◆ Activity ◆
Retype only what runs from the beginning of the data through the line with "岡谷市 鳥居平やまびこ公園"; please omit the pictures and keep every line exact.

Dataset records below:

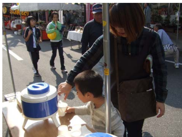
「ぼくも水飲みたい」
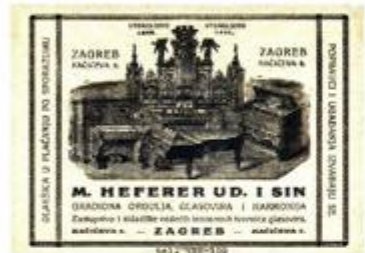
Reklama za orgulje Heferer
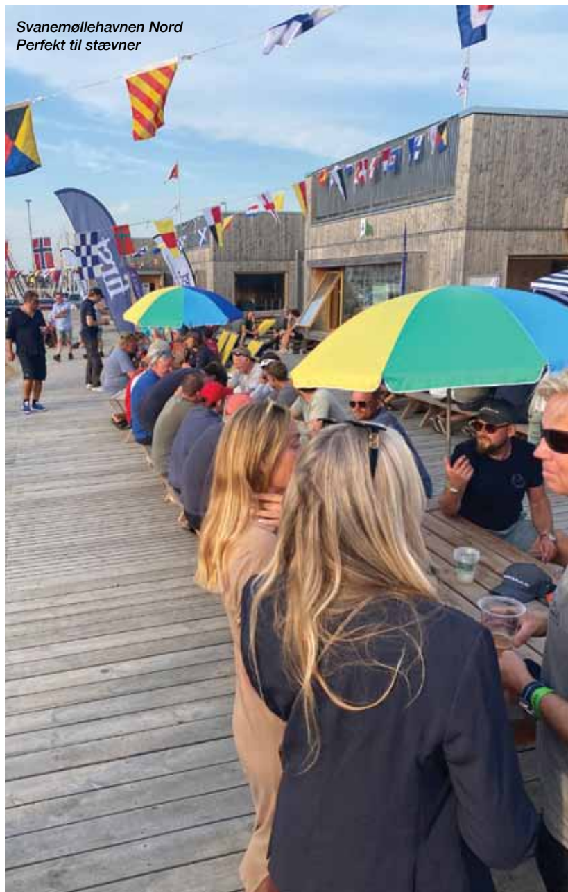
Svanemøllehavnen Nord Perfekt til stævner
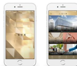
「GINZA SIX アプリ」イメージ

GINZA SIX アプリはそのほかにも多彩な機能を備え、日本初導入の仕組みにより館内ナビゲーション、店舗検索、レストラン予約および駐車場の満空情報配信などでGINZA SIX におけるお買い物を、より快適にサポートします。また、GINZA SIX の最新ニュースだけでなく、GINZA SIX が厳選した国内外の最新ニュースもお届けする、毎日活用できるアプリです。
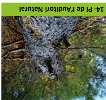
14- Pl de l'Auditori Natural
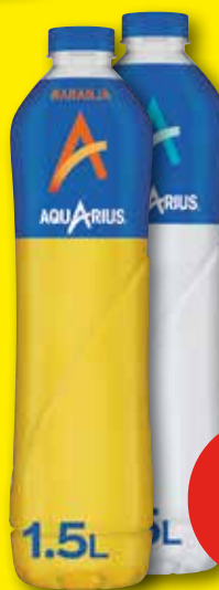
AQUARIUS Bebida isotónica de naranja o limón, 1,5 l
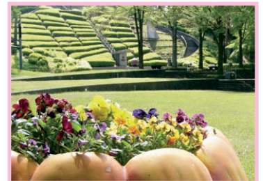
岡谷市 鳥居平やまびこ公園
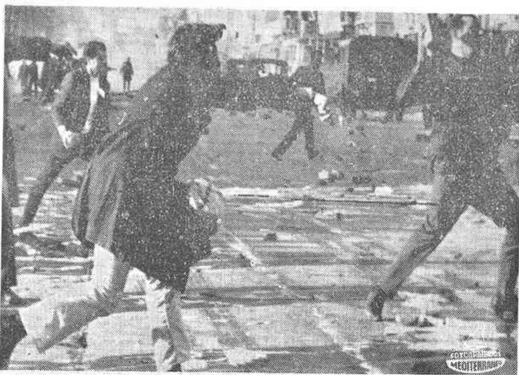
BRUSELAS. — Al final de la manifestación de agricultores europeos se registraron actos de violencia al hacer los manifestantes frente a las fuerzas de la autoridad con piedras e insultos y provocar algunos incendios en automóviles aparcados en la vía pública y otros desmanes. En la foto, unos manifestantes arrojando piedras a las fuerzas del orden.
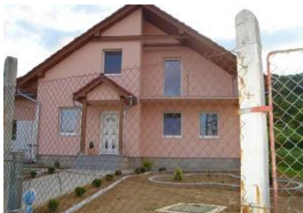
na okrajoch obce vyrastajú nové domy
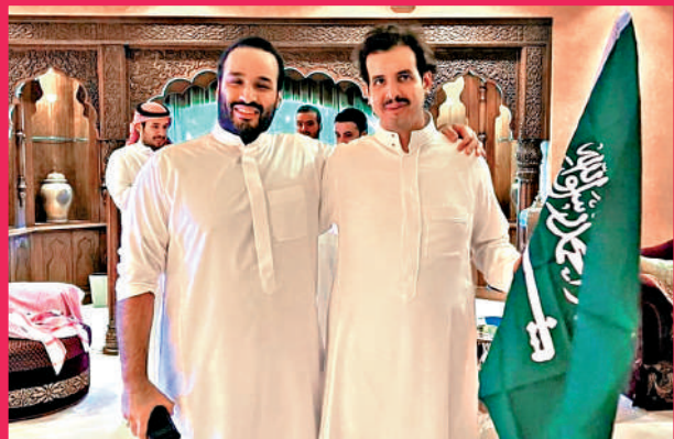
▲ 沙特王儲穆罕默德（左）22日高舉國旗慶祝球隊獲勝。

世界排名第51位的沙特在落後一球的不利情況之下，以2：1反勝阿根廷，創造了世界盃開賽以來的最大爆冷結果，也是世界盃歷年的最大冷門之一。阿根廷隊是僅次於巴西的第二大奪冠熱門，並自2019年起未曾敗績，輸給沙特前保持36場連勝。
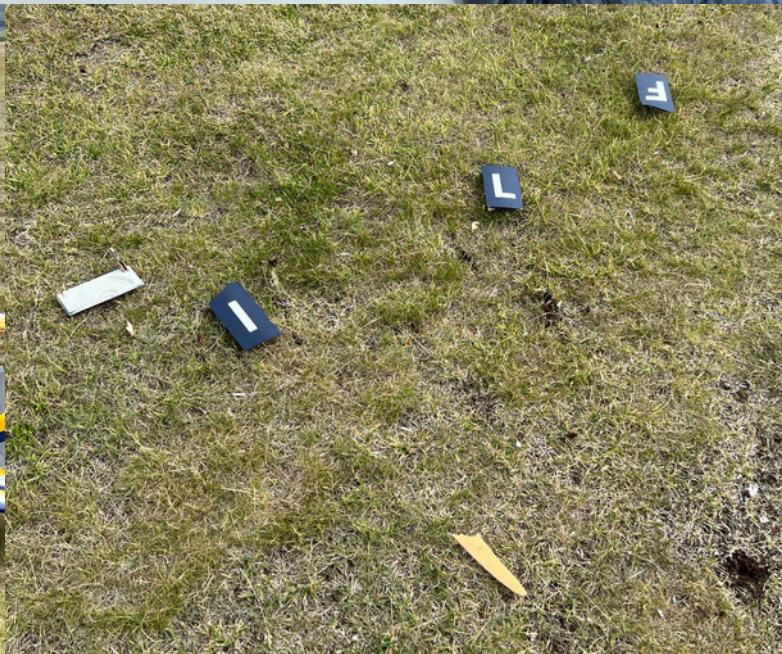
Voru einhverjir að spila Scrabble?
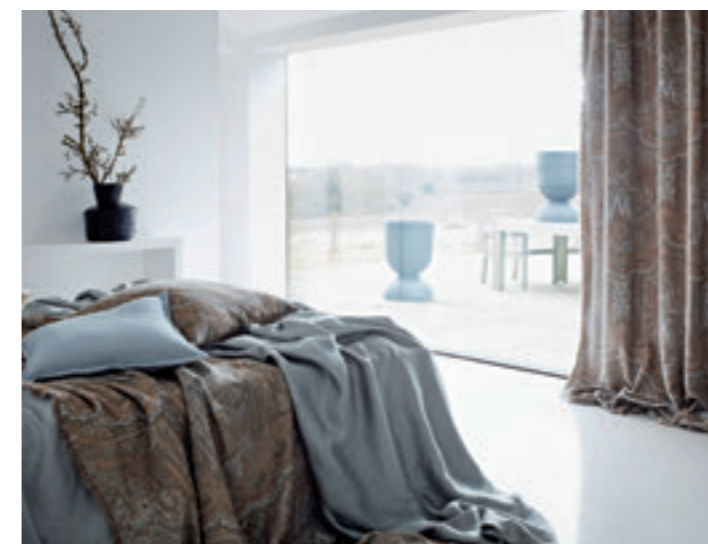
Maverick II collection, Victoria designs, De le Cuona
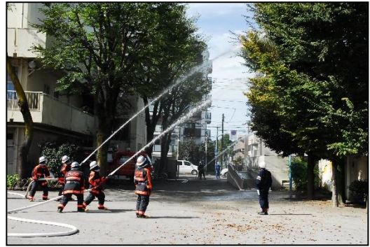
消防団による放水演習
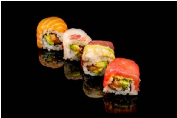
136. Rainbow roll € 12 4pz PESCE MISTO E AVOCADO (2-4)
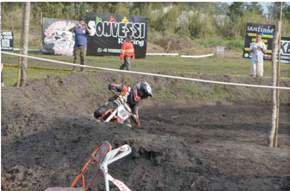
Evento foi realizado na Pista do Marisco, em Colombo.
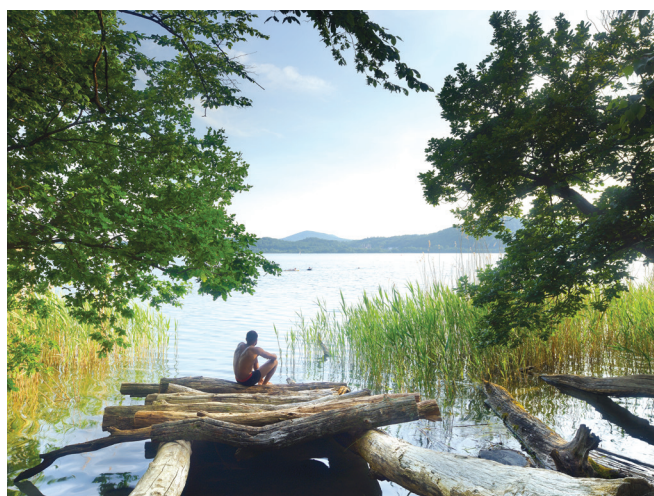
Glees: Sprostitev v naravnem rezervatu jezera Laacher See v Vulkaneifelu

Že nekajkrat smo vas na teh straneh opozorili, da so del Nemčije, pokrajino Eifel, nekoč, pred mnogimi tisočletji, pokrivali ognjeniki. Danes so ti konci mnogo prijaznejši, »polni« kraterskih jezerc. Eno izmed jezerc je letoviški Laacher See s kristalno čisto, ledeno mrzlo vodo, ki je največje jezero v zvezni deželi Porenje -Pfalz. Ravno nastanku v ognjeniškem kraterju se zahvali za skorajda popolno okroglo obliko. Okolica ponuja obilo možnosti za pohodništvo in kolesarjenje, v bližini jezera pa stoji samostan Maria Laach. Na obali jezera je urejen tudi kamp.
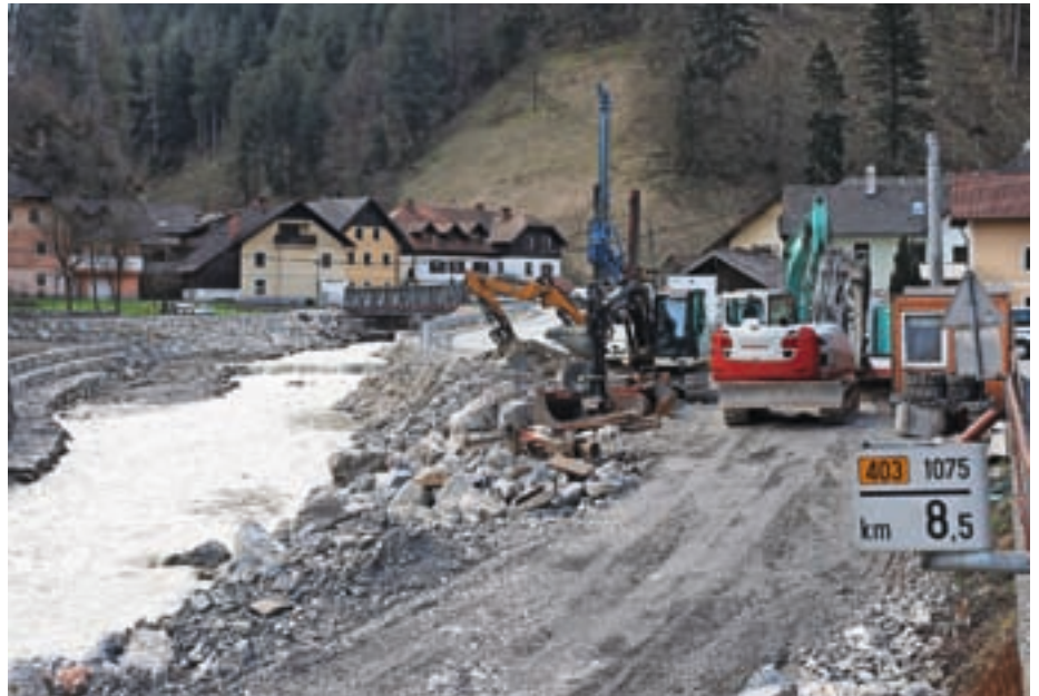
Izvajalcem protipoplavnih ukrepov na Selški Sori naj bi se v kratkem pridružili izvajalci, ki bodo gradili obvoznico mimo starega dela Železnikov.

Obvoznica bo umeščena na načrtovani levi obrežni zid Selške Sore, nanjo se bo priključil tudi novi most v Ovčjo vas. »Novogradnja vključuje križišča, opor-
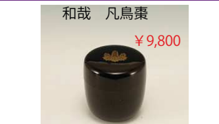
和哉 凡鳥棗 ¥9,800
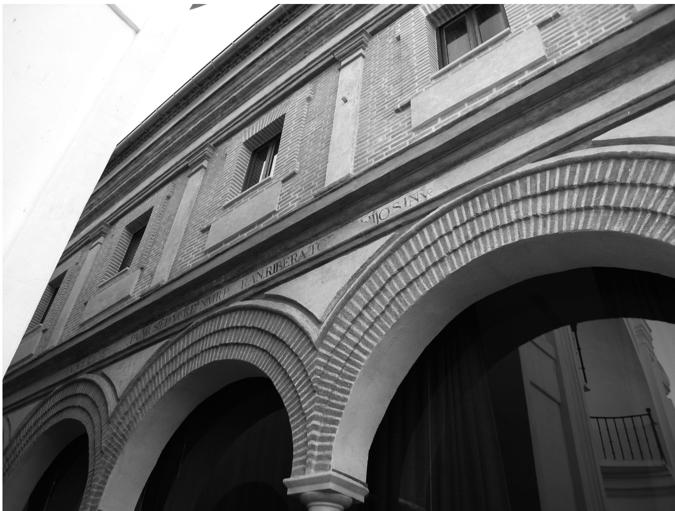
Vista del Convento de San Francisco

End of Dataset records.

◆ Response for this exercise ◆
「ぼくも水飲みたい」
Reklama za orgulje Heferer
Svanemøllehavnen Nord Perfekt til stævner
「GINZA SIX アプリ」イメージ

GINZA SIX アプリはそのほかにも多彩な機能を備え、日本初導入の仕組みにより館内ナビゲーション、店舗検索、レストラン予約および駐車場の満空情報配信などでGINZA SIX におけるお買い物を、より快適にサポートします。また、GINZA SIX の最新ニュースだけでなく、GINZA SIX が厳選した国内外の最新ニュースもお届けする、毎日活用できるアプリです。
14- Pl de l'Auditori Natural
AQUARIUS Bebida isotónica de naranja o limón, 1,5 l
岡谷市 鳥居平やまびこ公園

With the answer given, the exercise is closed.